- [The data]:
------
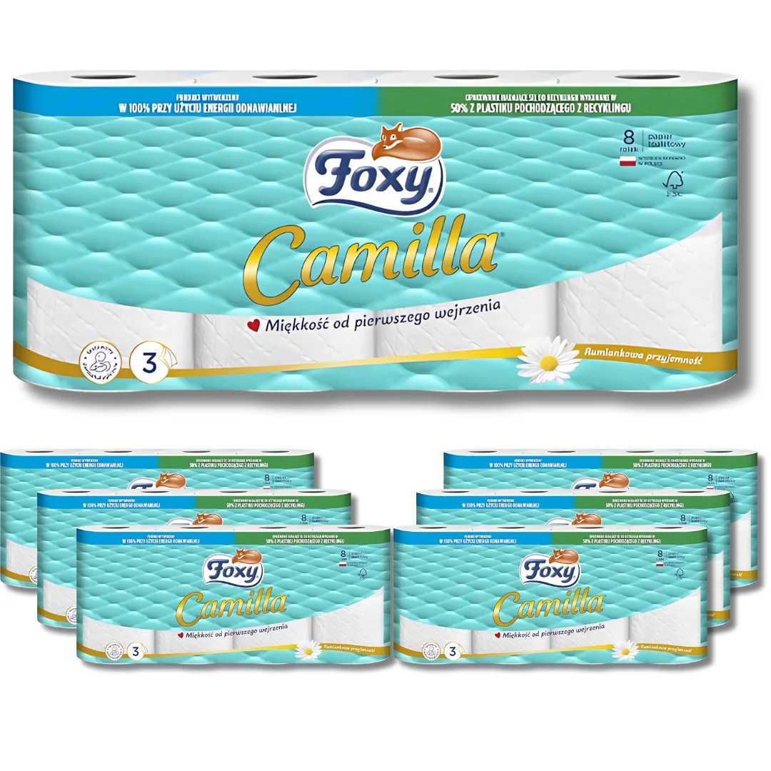 ♡Szybki podglądPapier toaletowy Foxy Camilla o zapachu rumianku (8 rolek) x 7 opakowań85.21 PLNPLN 92.80Gorące★★★★★★4.7
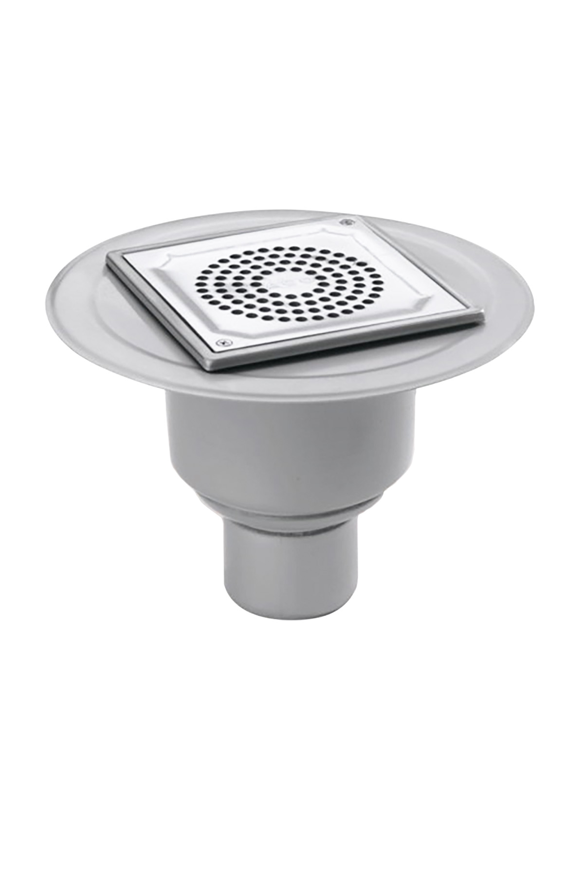 ACO Golvbrunn EG150 med bottenutlopp DN75. Anpassad för klinkergolv med tätskikt. Tillverkad i AISI 304 (1.4301). Galler 200 x 200 mm.
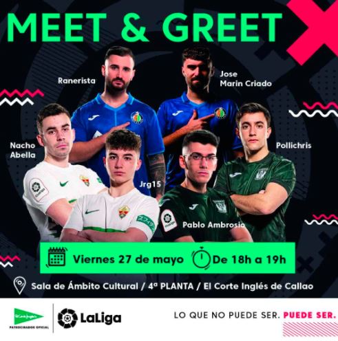 El Corte Inglés acogerá mañana 27 de mayo en la Sala de Ámbito Cultural del centro de Callao, en Madrid, un encuentro muy especial entre jugadores de fútbol profesional de la eLaLiga Santander y aficionados a esta competición de videojuegos. El Corte Inglés ofrece un Meet&Greet exclusivo para los más expertos en el juego de la FIFA.
------
- [Exercise brief]: Now repeat exactly the lines from the one with "ACO Golvbrunn EG150" through the end of the listing above, both included, omitting all pictures.

- [Response to the exercise]:
 ACO Golvbrunn EG150 med bottenutlopp DN75. Anpassad för klinkergolv med tätskikt. Tillverkad i AISI 304 (1.4301). Galler 200 x 200 mm.
 El Corte Inglés acogerá mañana 27 de mayo en la Sala de Ámbito Cultural del centro de Callao, en Madrid, un encuentro muy especial entre jugadores de fútbol profesional de la eLaLiga Santander y aficionados a esta competición de videojuegos. El Corte Inglés ofrece un Meet&Greet exclusivo para los más expertos en el juego de la FIFA.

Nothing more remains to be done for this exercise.